What to produce: With pictures omitted, output the records below exactly as they appear.

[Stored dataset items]
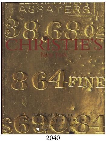 Christie's in association with Spink (New York). Gold Rush Treasures from the Central America (December 14, 2000). HB, VF. Important hardbound catalog for the second auction of gold coins and bullion from the SS Central America (1857), a fabulous wealth of gold from the sea. Pedigreed to the Tom Sebring Treasure Library.
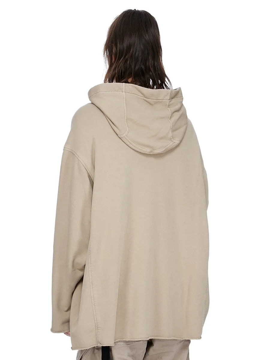 THIS PETER HOODIE IS HIP LENGTH, DIPPING SLIGHTLY AT THE BACK, WITH AN OVERSIZE FIT. IT HAS LONG SLEEVES WITH LOW SHOULDERS, A DROPPED ARMHOLE, A HOOD WITH DRAWSTRING AND RAW CUT HEMS. IT FEATURES A YOKE AND DIAGONAL SEAMS WITH TOPSTITCHING ON THE FRONT AND BACK BODY.
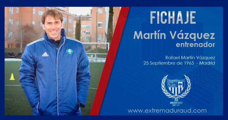 Se trata de Rafael Martín Vázquez, que hoy se ha convertido en el flamante preparador del Extremadura, tras el cese sorpresa de otro ex del Real Madrid, Manolo Ruiz. El 'mister' saliente tenía al cuadro de Almendralejo tercero en la clasificación y a tres puntos del líder, después de golear este fin de semana al Écija (4-0). Sin embargo, la directiva ha alegado "falta de confianza" para justificar su decisión.
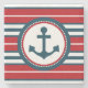 Nautical design with anchor decoration in round shape on red, blue and white striped background
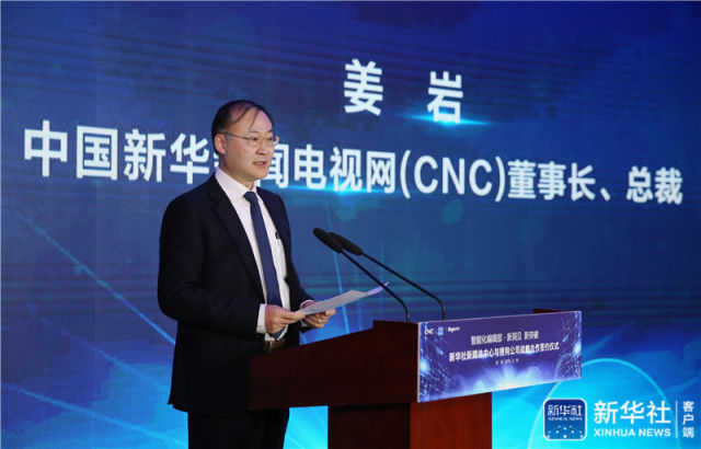 2月19日,新華社聯(lián)合搜狗公司在京發(fā)布全新升級的站立式AI合成主播并推出全球首個AI合成女主播。圖為中國新華新聞電視網(wǎng)有限公司(CNC)董事長、總裁姜巖致辭。新華社記者 肖磊濤 攝

Result below:
 Christie's in association with Spink (New York). Gold Rush Treasures from the Central America (December 14, 2000). HB, VF. Important hardbound catalog for the second auction of gold coins and bullion from the SS Central America (1857), a fabulous wealth of gold from the sea. Pedigreed to the Tom Sebring Treasure Library.
 THIS PETER HOODIE IS HIP LENGTH, DIPPING SLIGHTLY AT THE BACK, WITH AN OVERSIZE FIT. IT HAS LONG SLEEVES WITH LOW SHOULDERS, A DROPPED ARMHOLE, A HOOD WITH DRAWSTRING AND RAW CUT HEMS. IT FEATURES A YOKE AND DIAGONAL SEAMS WITH TOPSTITCHING ON THE FRONT AND BACK BODY.
 Se trata de Rafael Martín Vázquez, que hoy se ha convertido en el flamante preparador del Extremadura, tras el cese sorpresa de otro ex del Real Madrid, Manolo Ruiz. El 'mister' saliente tenía al cuadro de Almendralejo tercero en la clasificación y a tres puntos del líder, después de golear este fin de semana al Écija (4-0). Sin embargo, la directiva ha alegado "falta de confianza" para justificar su decisión.
 Nautical design with anchor decoration in round shape on red, blue and white striped background
 2月19日,新華社聯(lián)合搜狗公司在京發(fā)布全新升級的站立式AI合成主播并推出全球首個AI合成女主播。圖為中國新華新聞電視網(wǎng)有限公司(CNC)董事長、總裁姜巖致辭。新華社記者 肖磊濤 攝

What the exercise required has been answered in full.